Anchovy is a small town in the parish of Saint James in northwestern Jamaica. It is located 7 km southwest of Montego Bay.

== Transport ==

===Road===
Anchovy is on the B8 road which runs from Savanna-la-Mar on the south coast to Reading on the north coast.

=== Rail ===
From 1895 to 1992 Anchovy was served by Anchovy railway station on the Kingston to Montego Bay railway.
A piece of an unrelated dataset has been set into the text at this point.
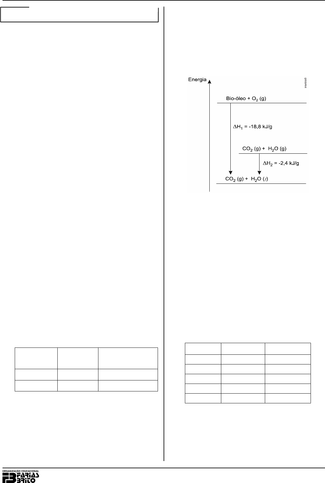 MODULO DE QUÍMICA 5 025.042 1. (Enem) Glicólise é um processo que ocorre nas células, convertendo glicose em piruvato. Durante a prática de exercícios físicos que demandam grande quantidade de esforço, a glicose é completamente oxidada na presença de 2O . Entretanto, em alguns casos, as células musculares podem sofrer um deficit de 2O e a glicose ser convertida em duas moléculas de ácido lático. As equações termoquímicas para a combustão da glicose e do ácido lático são, respectivamente, mostradas a seguir: 6 12 6(s) 2(g) 2(g) 2 ( ) C 3 (s) 2(g) 2(g) 2 ( ) C C H O 6 O 6 CO 6 H O H 2.800 kJ CH CH(OH)COOH 3 O 3 CO 3 H O H 1.344 kJ + → + ∆ = − + → + ∆ = − ℓ ℓ O processo anaeróbico é menos vantajoso energeticamente porque a) libera 112 kJ por mol de glicose. b) libera 467 kJ por mol de glicose. c) libera 2.688 kJ por mol de glicose. d) absorve 1.344 kJ por mol de glicose. e) absorve 2.800 kJ por mol de glicose. 2. (Enem) O carro flex é uma realidade no Brasil. Estes veículos estão equipados com motor que tem a capacidade de funcionar com mais de um tipo de combustível. No entanto, as pessoas que têm esse tipo de veículo, na hora do abastecimento, têm sempre a dúvida: álcool ou gasolina? Para avaliar o consumo desses combustíveis, realizou-se um percurso com um veículo flex, consumindo 40 litros de gasolina e no percurso de volta utilizou-se etanol. Foi considerado o mesmo consumo de energia tanto no percurso de ida quanto no de volta. O quadro resume alguns dados aproximados sobre esses combustíveis. Combustível Densidade 1(g mL )− Calor de combustão 1(kcal g )− Etanol 0,8 6− Gasolina 0,7 10− O volume de etanol combustível, em litro, consumido no percurso de volta é mais próximo de a) 27 b) 32 c) 37 d) 58 e) 67 3. (Enem) O aproveitamento de resíduos florestais vem se tornando cada dia mais atrativo, pois eles são uma fonte renovável de energia. A figura representa a queima de um bio-óleo extraído do resíduo de madeira, sendo 1HΔ a variação de entalpia devido à queima de 1 g desse bio-óleo, resultando em gás carbônico e água líquida, e 2H ,Δ a variação de entalpia envolvida na conversão de 1 g de água no estado gasoso para o estado líquido. A variação de entalpia, em kJ, para a queima de 5 g desse bio-óleo, resultando em 2CO (gasoso) e 2H O (gasoso), é: a) –106 b) –94 c) –82 d) –21,2 e) –16,4 4. (Enem) Um dos problemas dos combustíveis que contêm carbono é que sua queima produz dióxido de carbono. Portanto, uma característica importante ao se escolher um combustível é analisar seu calor de combustão oc( h )Δ , definido como a energia liberada na queima completa de um mol de combustível no estado padrão. O quadro seguinte relaciona algumas substâncias que contêm carbono e seu ocH∆ . Substância Fórmula ocH∆ (kJ/mol) benzeno 6 6C H ( ℓ ) - 3 268 etanol 2 5C H OH ( ℓ ) - 1 368 glicose 6 12 6C H O (s) - 2 808 metano 4CH (g) - 890 octano 8 18C H ( ℓ ) - 5 471 Neste contexto, qual dos combustíveis, quando queimado completamente, libera mais dióxido de carbono no ambiente pela mesma quantidade de energia produzida? a) Benzeno. d) Octano. b) Metano. e) Etanol. c) Glicose. TERMOQUÍMICA MODULO DE QUÍMICA 6 025.042 5. (Fuvest) Equipamentos domésticos chamados de vaporizadores para roupa utilizam o vapor de água gerado por um sistema de resistências elétricas a partir de água líquida. Um equipamento com potência nominal de 1.600 W foi utilizado para passar roupas por 20 minutos, consumindo 540 mL de água. Em relação ao gasto total de energia do equipamento, o gasto de energia utilizado apenas para vaporizar a água, após ela já ter atingido a temperatura de ebulição, equivale a, aproximadamente, Note e adote: Entalpia de vaporização da água a 100 C 40 kJ mol;° = Massa molar da água 18 g mol;= Densidade da água 1 g mL.= a) 0,04% b) 0,062% c) 4,6% d) 40% e) 62% 6. (Unesp) Para obter energia térmica, com a finalidade de fundir determinada massa de gelo, produziu-se a combustão de um mol de gás butano 4 10(C H ), a 1 atm e a 25 C.° A reação de combustão desse gás é: 4 10(g) 2(g) 2(g) 2 ( ) 13 C H O 4 CO 5 H O 2 + → + ℓ As entalpias-padrão de formação ( H)∆ das substâncias citadas estão indicadas na tabela: Substância ∆H (kJ/mol) 4 10(g)C H 126− 2(g)CO 393− 2 ( )H O ℓ 286− 2(g)O zero Considerando que a energia térmica proveniente dessa reação foi integralmente absorvida por um grande bloco de gelo a 0 C° e adotando 320 J g para o calor latente de fusão do gelo, a massa de água líquida obtida a 0 C,° nesse processo, pelo derretimento do gelo foi de, aproximadamente, a) 7 kg b) 5 kg c) 3 kg d) 10 kg e) 9 kg 7. (Unicamp) Numa fritadeira a ar com potência de 1400 W, um pedaço de carne ficou pronto para ser consumido após 18 minutos de funcionamento do equipamento. Um cozimento semelhante foi realizado em menor tempo em um fogão a gás. Nesse caso, foram consumidos 16 gramas de gás propano, cuja reação de combustão é dada por: 3 8(g) 2(g) 2(g) 2 (g) 1 C H O 3 CO 4 H O ; H 2046 kJ mol .Δ − + → + = − Comparando os dois processos de cozimento, o consumo de energia foi maior empregando-se Dados: C 12; H 1.= = a) o fogão a gás, sendo cerca de 1,5 vezes maior que o consumo da fritadeira a ar. b) o fogão a gás, sendo cerca de 12 vezes maior que o consumo da fritadeira a ar. c) a fritadeira a ar, sendo cerca de 6 vezes maior que o consumo do fogão a gás. d) a fritadeira a ar, sendo cerca de 2 vezes maior que o consumo do fogão a gás. 8. (Enem-PPL) O etanol é um combustível renovável obtido da cana-de-açúcar e é menos poluente do que os combustíveis fósseis, como a gasolina e o diesel. O etanol tem densidade 30,8 g cm , massa molar 46 g mol e calor de combustão aproximado de 1.300 kJ mol.− Com o grande aumento da frota de veículos, tem sido incentivada a produção de carros bicombustíveis econômicos, q

Although all services on the line have ceased, the station building remains, however in serious disrepair.

== Public amenities ==
There is a primary school, post office, police station, electoral office, several churches, as well as various small retail outlets. Anchovy High School attracts students from the Montego Bay area and has a long-standing exchange link with St Martin-in-the-Fields High School for Girls, Tulse Hill, London which is documented in the Anchovy High School library.

== Employment and economic activities ==
Unemployment for School leavers and Young adults (18-25 yrs) is high, especially among males, and is estimated to be approximately 60 percent. Employment opportunities mainly reside in the tourist and hotel industries that are concentrated in and around Montego Bay.
Other self-employed persons engage in farming, transportation (drivers of taxis, buses, etc.), vending, and automobile repair, to name a few.

A few warehouses for businesses that are domiciled in Montego Bay are also present.